With the threat of continuing uncertainty over Greece and the depreciation of the Euro, investors are increasingly seeking safe havens to park their money. Switzerland has long been such a safe-haven, with its neutrality and socio-political stability making it an ideal minimal-risk refuge. This is – in part – a good thing, as it confirms the widespread international trust in the Swiss government: a major plus for the banking nation. Despite this, Switzerland is actually in a dilemma – its currency is too popular.
This may sound like a first world problem, and to an extent it is; however, the steady appreciation of the Swiss franc (CHF) means that Swiss exports are becoming too expensive. Higher export prices discourage foreign buyers, which negatively impacts Switzerland; which relies on exports of big ticket items such as chemicals, pharmaceutical, watches, and other precision instruments. Another result of the strong franc is that foreign direct investment (FDI) is drying up, as the costs of investing in the country become too high for potential investors.

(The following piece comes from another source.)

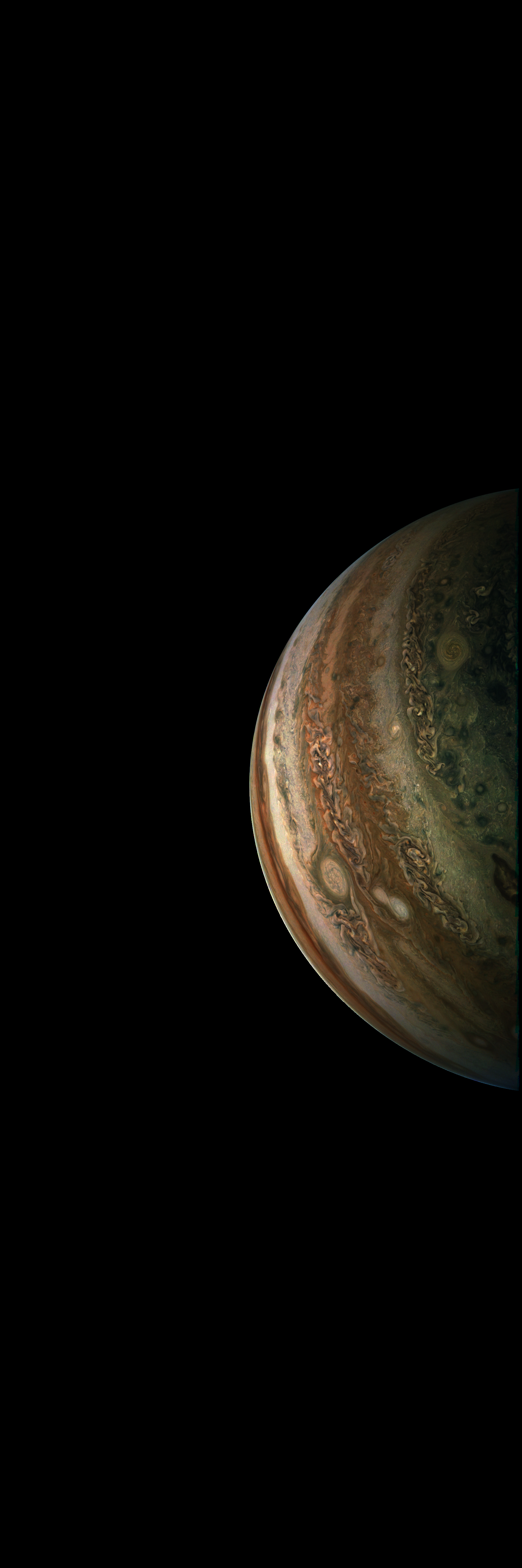 Resolution is 30 pixels per degrees in an equidistant cylindrical system centered to the camera at image stop time, with an axis parallel to Juno's spin axis. The rendered field of view is 60x180 degrees.

To counter this trends, the Swiss National Bank (SNB) has already taken various measures to weaken demand for the franc, such as the unusual public announcement of its intervention to rein in the currency.
“Comments from the SNB on currency interventions are very rare and therefore signal more ‘verbal activism’ from the SNB,” Credit Suisse analyst Maxime Botteron
The SNB has also introduced negative interest rates in order to discourage people from holding large amounts of Swiss francs. In other words, people who hold francs are currently having to pay banks to continue doing so, as opposed to the more common phenomenon of banks paying customers interest on their deposits. The SNB has also introduced penalties for holding large amounts of francs in cash.
Interestingly, aside from the usual pressures from foreign investors seeking a safe haven, much of the appreciation of the franc is due to domestic pressure. Swiss citizens and businesses are also hoarding francs as widespread uncertainty about the direction of European fiscal policy and the Euro discourages portfolio diversification.